"I am a research scientist in a great field (new and sexy). I kind of stumbled my way into it and my current postdoc advisor hired me because of ancillary skills. I have been in science for around 12-13 years now with the Master's, Ph.D, and 3 postdocs... And I keep coming up against feeling like I am in the wrong profession. I am not publishing at the rate that I should and I find myself often extremely bored and attempting to avoid work. I think I hate lab work, which is new for me. I know I don't like teaching, though if I became faculty in a research university, my teaching load would be low. I am simply incredibly confused. So I started to research alternative careers and hit on patent attorney. More school, but only 3 years. Almost guaranteed job at the end. And then we got a grant funded that I am a co-PI on and, whammo, I feel like leaving would be a huge mistake. Except everything is in motion for me to leave, everyone knows, and my spouse has begun making plans around this new idea (which was good for him because of a million other reasons).
It's not what you think, I am not asking you to tell me what to do.
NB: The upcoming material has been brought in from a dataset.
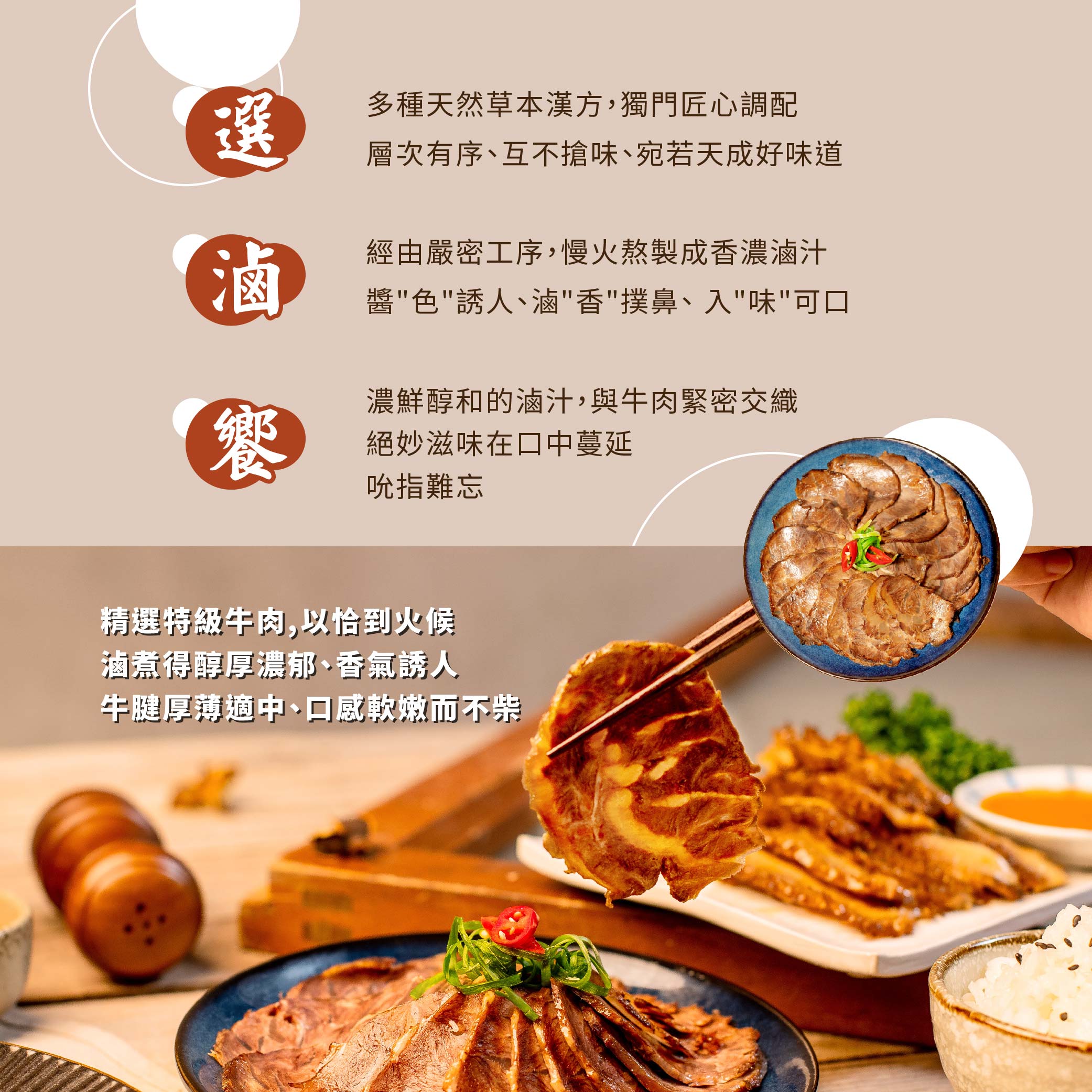 躍進舌尖饗宴,滷惑你的味蕾精選特級牛肉, 多種天然草本漢方,經由嚴密工序,慢火熬成香濃滷汁濃鮮醇和的滷汁與牛肉緊密交織醬色誘人、滷香撲鼻、入味可口牛腱厚薄適中,軟嫩而不柴牛筋軟而不爛,膠質滿滿牛肚蜂巢飽含牛湯精華,嚼感十足搭配主廚特製辣油,絕妙滋味在口中蔓延,令人吮指難忘

But I would love to hear your perspective on this, when you have a moment. "
If you don't think you'll be happy staying in research and you don't want to teach, then you should definitely leave. Why put yourself through all the rigors of an academic or scientific career if it's not what you want to do? There's plenty of masochists who will happily snap up any job you leave open. (Are you in my field? I'm on the market!)
At the same time though, before you leave, make sure that patent law is *really* what you want to be doing. Imagine 5 years from now if you realize that it isn't...you would probably have some major regrets. I would recommend investigating carefully your chosen path. In particular, I believe there are ways for people with Ph.D.s to be involved in patent law without having to get a law degree. That might be a great way to switch fields without committing to more school. Can you find some scientists turned patent lawyers and see what strategies they used to move fields? I think the book, Put Your Science to Work: The Take-Charge Career Guide for Scientists by Peter Fiske has an example of a PhD who moved to intellectual property law.
I absolutely would not let getting a major grant stand in your way. (But congratulations on getting it!) If you want to switch careers, leaving it behind won't hurt you. And, in all likelihood, your co-PIs will be able to carry on without you (by recruiting another post-doc?), so the science will get done.
Whatever you decide, it sounds like you've got the talent to succeed. Keep us posted.
To my readers: What do you think? I told the letter writer that you are all way more brilliant, insightful, and knowledgable than I. Can you help this person out?